Although breathing can be controlled by our conscious mind, it is the deep breathing rhythms implanted in us by the automatized action of the nervous system that can really guide us towards the most effective and connected way to breathe as the actor. However, we need to become conscious of how this process actually works in order that we can remove any obstacles that might have arisen to its free and natural movement and development. Then, in performance, the breath can connect with our deepest experiences, imagination and impulses, carry them through the sounds, words and thoughts of language and share them with our audience.
Breathing patterns can be contagious. When an actor breathes deeply and freely and is connected to a real experience, the whole audience will adapt and copy the breathing rhythm of the actor, and enter the experience as if it were their own. If, on the other hand, an actor is tense and breathing is restricted, the audience will feel this tightness in sympathy. They will lose trust and even start to worry about the actor. Oxygen supply is lessened in the actor and the audience. Experiences no longer come out of the depth of the actor’s experience but from more shallow places that are higher up in the body and have a strong link with stress responses. ‘We’ve got to get in to get out’, says one line of a song from Genesis. Shallow breathing will not get in touch with what we feel. In actual fact we might breathe shallowly in order to protect ourselves from experiencing what might cause us pain.

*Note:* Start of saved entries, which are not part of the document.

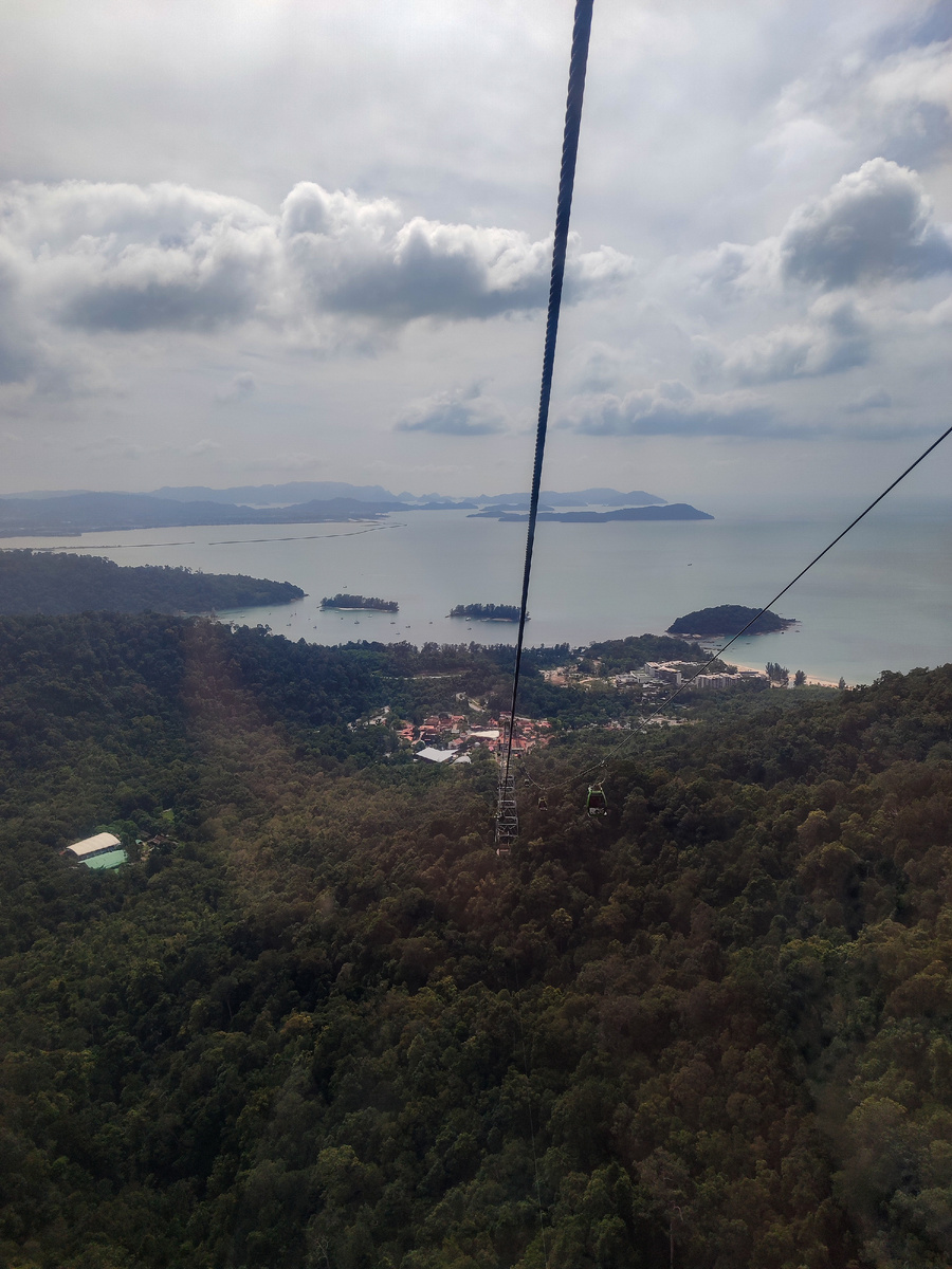 Преодолев первую канатную дорогу мы оказались на смотровой площадке. Это длинна канатная дорога с реально высоким подъёмом, мне было страшновато. Здесь же находится отдельная смотровая "гнездо орла". Поднявшись по второй канатной дороге нас ждут ещё больше смотровых. Две круговые площадки соединенные мостом с замками. Идея создания канатной дороги на острове зародилась в 1999 году благодаря инициативе тогдашнего премьер-министра Махатхира Мохамада. Строительные работы стартовали в апреле 2001 года, и уже через год, в 2002 году, туристы смогли насладиться захватывающими видами с высоты птичьего полета. Выбор конструкции канатной дороги с гондолами был обусловлен ее способностью преодолевать значительные расстояния между опорами, в данном случае – более 900 метров. Система состоит из трех станций. Первая расположена на вершине горы Гунунг Мачинчанг, которая является второй по высоте на Лангкави. Средняя станция получила название "угловая" из-за резкого изменения направления движения кана
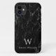 Capa Para iPhone 11 Monograma de Mármore Preto Nome Branco Moderno Ele
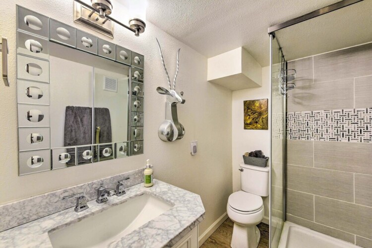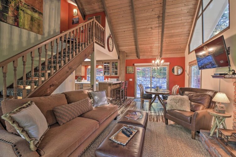Активный или пассивный отдых — выбор за вами. Коттедж «Lake Arrowhead Cabin w/ Decks < 2 Mi to Village!» находится в Буллхейд-Сити. Этот коттедж расположен в 6 км от центра города.
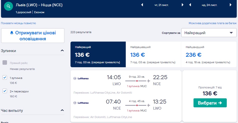 Львів-Ніцца-Львів (21.11.2019 – 24.11.2019) – €136

As we have seen earlier, it is essential to be still, balanced and focused in order to experience fully, and to keep a sense of centre and identity within the experiences of the part as if they were our own. Natural breathing rhythms will help us to achieve that, and to access our deepest layers of consciousness, which might have become buried under our defence mechanisms. To breathe out fully is to give back our version of what has been absorbed through the in-breath: to transmit our experience as the character within the imaginary world of the play.